Health & Safety questions

Your Health & Safety questions answered by EP Risk’s qualified health and safety consultants

A diagram which may help to answer your Health & Safety questionsMust I have a safety management system in place?
If you employ five or more employees, you have a legal duty to have a written policy describing how you will manage health and safety in your business and let others know about your commitment to it.

Do I need to complete a fire risk assessment?
You have a responsibility for fire safety in business or other non-domestic premises if you are an employer, the owner, the landlord, the occupier or anyone else with control of the premises. Part of this responsibility includes carrying out a fire risk assessment of the premises and reviewing it regularly. It may be necessary to appoint a ‘competent person’, such as an external consultant, to help assist with the completion of a fire risk assessment if you don’t have the expertise or time to do so yourself.

There has been an accident at work, what do I do?
First, take prompt emergency action, such as first aid, and ensure the area surrounding the accident is made safe. Once the casualty is removed it is important that the scene is preserved, the names of any witnesses are recorded and the person responsible for health and safety is notified. It may be necessary to report the incident to the HSE under RIDDOR. The person responsible for health and safety will determine if this is applicable or not. It is important that all accidents are investigated as it will help give an understanding of how and why things went wrong.

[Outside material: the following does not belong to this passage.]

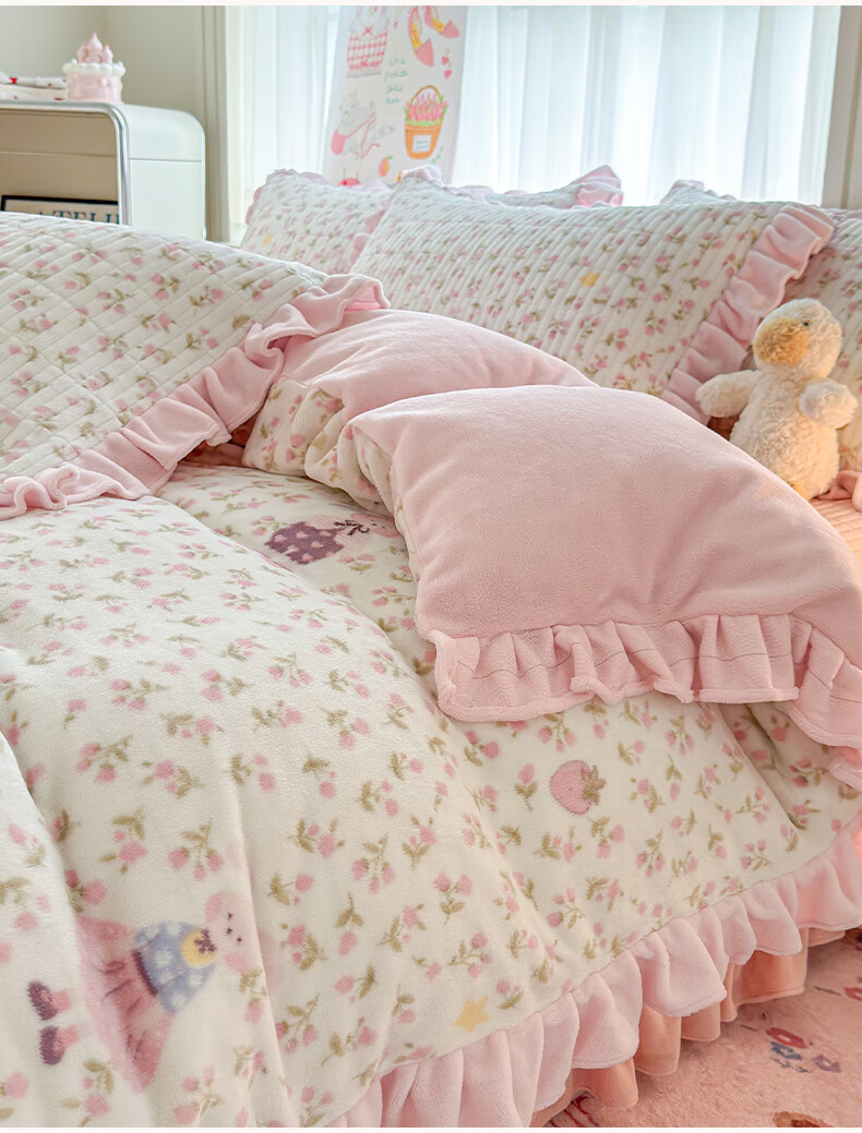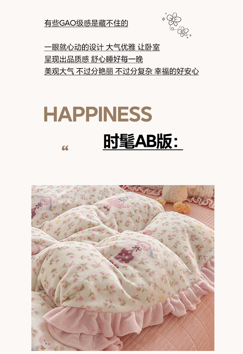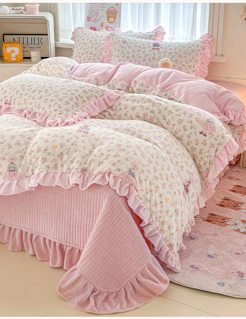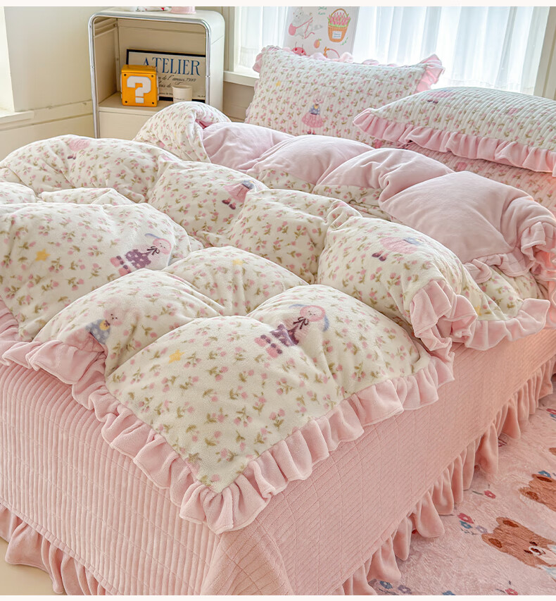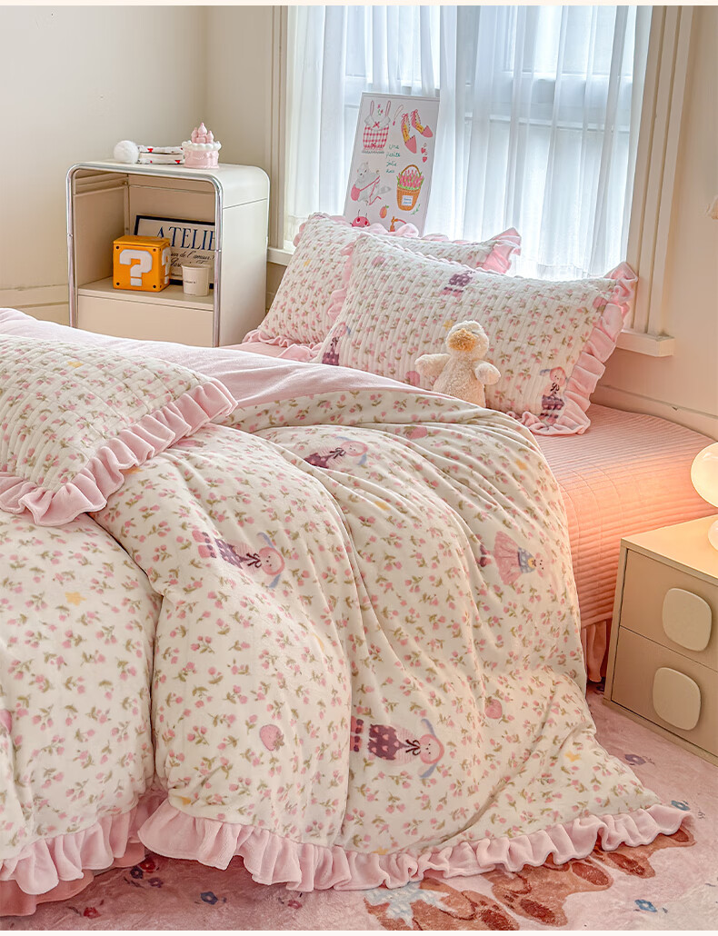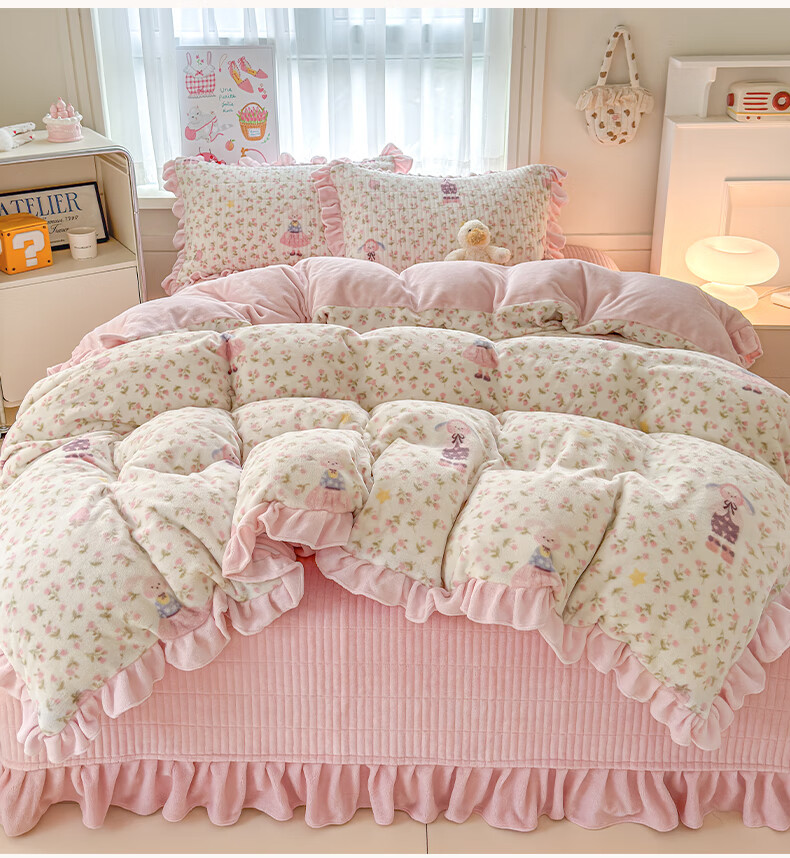 猫人(MiiOW)冬季加厚卡通牛奶绒床上四件套珊瑚绒家用毛绒床单被套床盖款床品 莓莓兔粉【厚实保暖】 0.9m 床盖款 三件套-150x200cm被套
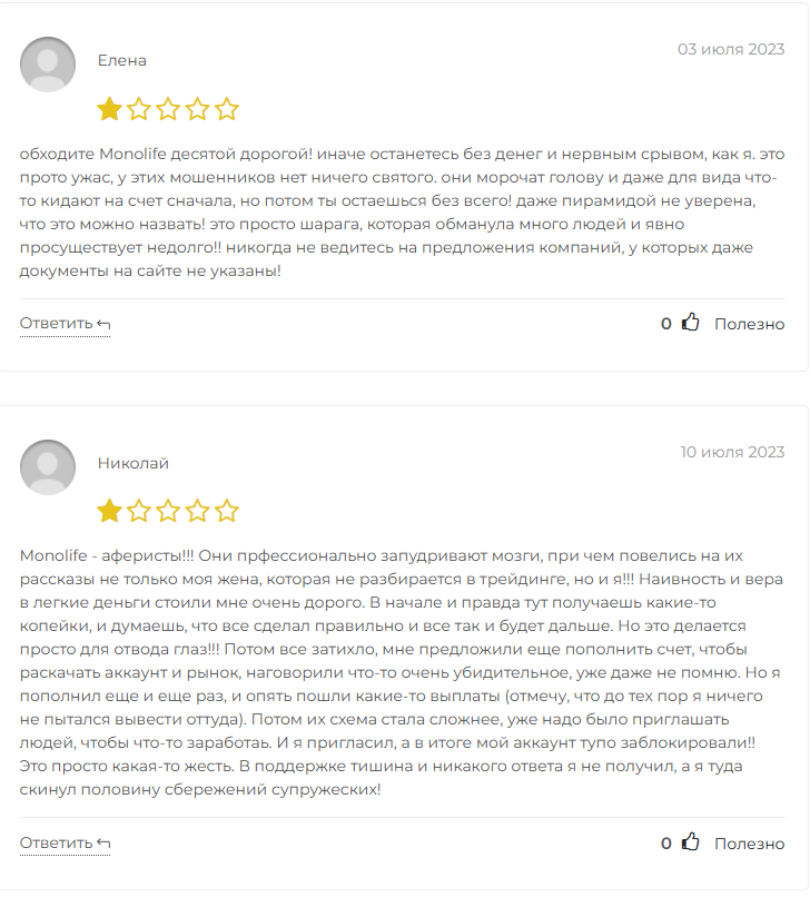Отзывы о Monolife в основном негативные. Люди жалуются на обман и заблокированные аккаунты. Деньги не выводятся совсем.

Why do I need to create activity risk assessments?
As an employer you have a legal duty under Regulation 3 of the Management of Health and Safety at Work Regulations 1999 to control health and safety risks. The easiest and most commonly applied way of recording these controls is through the completion of risk assessments. Risk assessments should include any significant findings including what the risks are, what controls you already have in place and any further action that may be required.

How many first aiders do I need?
First aid regulations require employers to provide adequate and appropriate first-aid equipment, facilities and people. What is adequate and appropriate will depend on your circumstances, so you should assess your first aid needs. Smaller, low-level hazards may need only the minimum provision, whereas larger; more hazardous environments may require a greater provision. As a minimum you should provide a first aid kit, an appointed person to take charge of first-aid arrangements and information for the employees about first-aid arrangements.

DSEAR Health & Safety questions

Where does DSEAR apply?
DSEAR (Dangerous Substances and Explosive Atmospheres Regulations 2002) apply whenever a dangerous substance is or is liable to be present at the workplace. Dangerous substances include preparations and dusts with the potential to give rise to fires, explosions and similar energetic events which can affect the safety of employees and others.

Can you give examples?
Dangerous substances may include: Petrol, LPG, paints, thinners, varnishes and certain types of dust – for example, coal, wood, grain, flour and sugar – certain metals and synthetic organic chemicals.

What’s my first step?
Check if substances or preparations in your workplace are classified under CHIP regulations as explosive, oxidising, extremely flammable, highly flammable or flammable.

And the second?
Check the information on your COSHH assessments and the material safety data sheets.

What other assessments should I make?

  • Assess the physical and chemical properties of the substance or preparations and the work processes involved to see whether the activity creates a potential for fire, explosion or similar energetic event.
  • Check if your storage of acetylene, LPG or your flammable store, could in the event of an incident compromise business continuity because of exclusion zones imposed by the emergency services.
  • Check to see if the work activity involves the creation or handling of potentially combustible or explosive dusts – for example, decanting, sawing, milling and sanding operations.
  • Check if your flammable store exceeds the guidance of HSG51, DSEAR Regulation 5. It is advised to only store internally in the working area the minimum quantity needed for frequent usage for half a day or a single shift.

Need I look beyond my own workplace?
Yes. Consider whether your neighbour’s processes could have an impact on your current fire risk assessment and your emergency procedures.